It is clear that from the moment when the landed aristocracy is no longer able to maintain its position as an independent power, to fight, as an independent party, for the government position, in short, that from the moment when the Tories are definitively overthrown, British history has no longer any room for the Whigs. The aristocracy once destroyed, what is the use of an aristocratic representation of the Bourgeoisie against this aristocracy?
It is well known that in the middle ages the German Emperors put the just then arising towns under Imperial Governors, “advocati,” to protect these towns against the surrounding nobility. As soon as growing population and wealth gave them sufficient strength and independence to resist, and even to attack the nobility, the towns also drove out the noble Governors, the advocati.
The Whigs have been these advocati of the British Middle Class, and their governmental monopoly must break down as soon as the landed monopoly of the Tories is broken down. In the same measure as the Middle Class has developed its independent strength, they have shrunk down from a party to a coterie.
It is evident what a distastefully heterogeneous mixture the character of the British Whigs must turn out to be: Feudalists, who are at the same time Malthusians, money-mongers with feudal prejudices, aristocrats without point of honor, Bourgeois without industrial activity, finality — men with progressive phrases, progressists with fanatical Conservatism, traffickers in homeopathical fractions of reforms, fosterers of family — nepotism, Grand Masters of corruption, hypocrites of religion, Tartuffes of politics. The mass of the English people have a sound aesthetical common sense. They have. an instinctive hatred against everything motley and ambiguous, against bats and Russellites. And then, with the Tories, the mass of the English people, the urban and rural proletariat, has in common the hatred against the “money-monger.” With the Bourgeoisie it has in common the hatred against aristocrats. In the Whigs it hates the one and the other, aristocrats and Bourgeois, the landlord who oppresses, and the money lord who exploits it. In the Whig it hates the oligarchy which has ruled over England for more than a century, and by which the People is excluded from the direction of its own affairs.
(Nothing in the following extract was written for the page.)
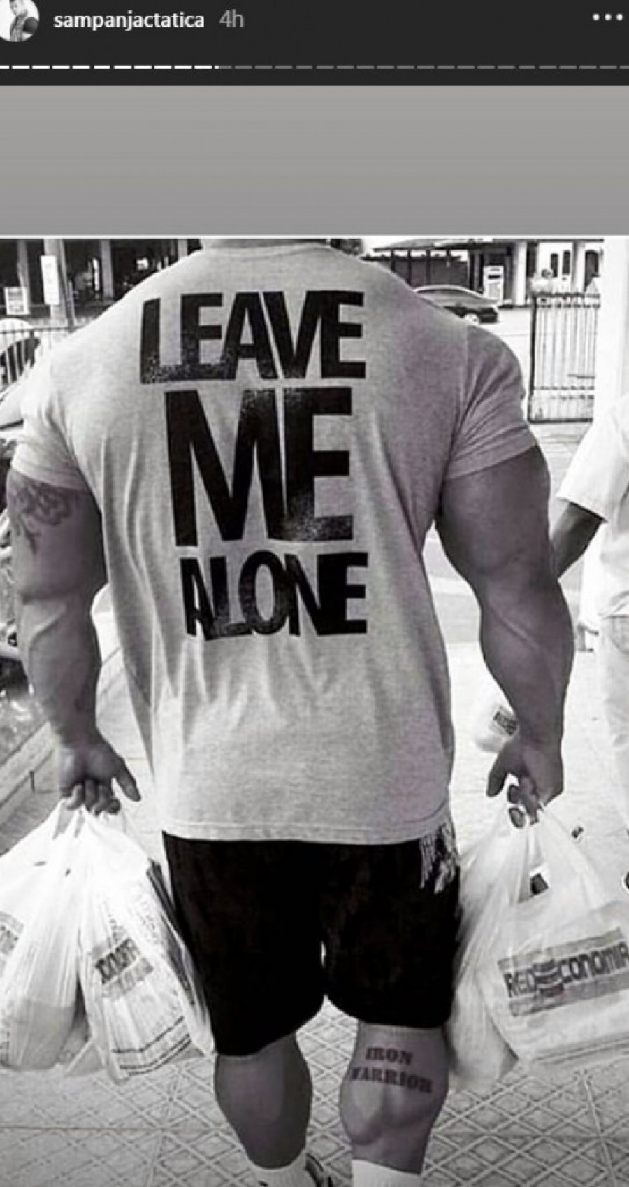Foto: printscreen/instagram.com/sampanjactatica- Ostavi me na miru- piše na majici nabildovanog momka čiju je sliku objavio Radanović.

The Peelites (Liberals and Conservatives) are no party, they are merely the souvenir of a partyman, of the late Sir Robert Peel. But Englishmen are too prosaical, for a souvenir to form, with them, the foundation for anything but elegies. And now, that the people have erected brass and marble monuments to the late Sir R. Peel in all parts of the country, they believe they are able so much the more to do without those perambulant Peel monuments, the Grahams, the Gladstones, the Cardwells, etc. The so-called Peelites are nothing but this staff of bureaucrats which Robert Peel had schooled for himself. And because they form a pretty complete staff, they forget for a moment that there is no army behind them. The Peelites, then, are old supporters of Sir R. Peel, who have not yet come to a conclusion as to what party to attach themselves to. It is evident that a similar scruple is not a sufficient means for them to constitute an independent power.
Remain the Free Traders and the Chartists, the brief delineation of whose character will form the subject of my next.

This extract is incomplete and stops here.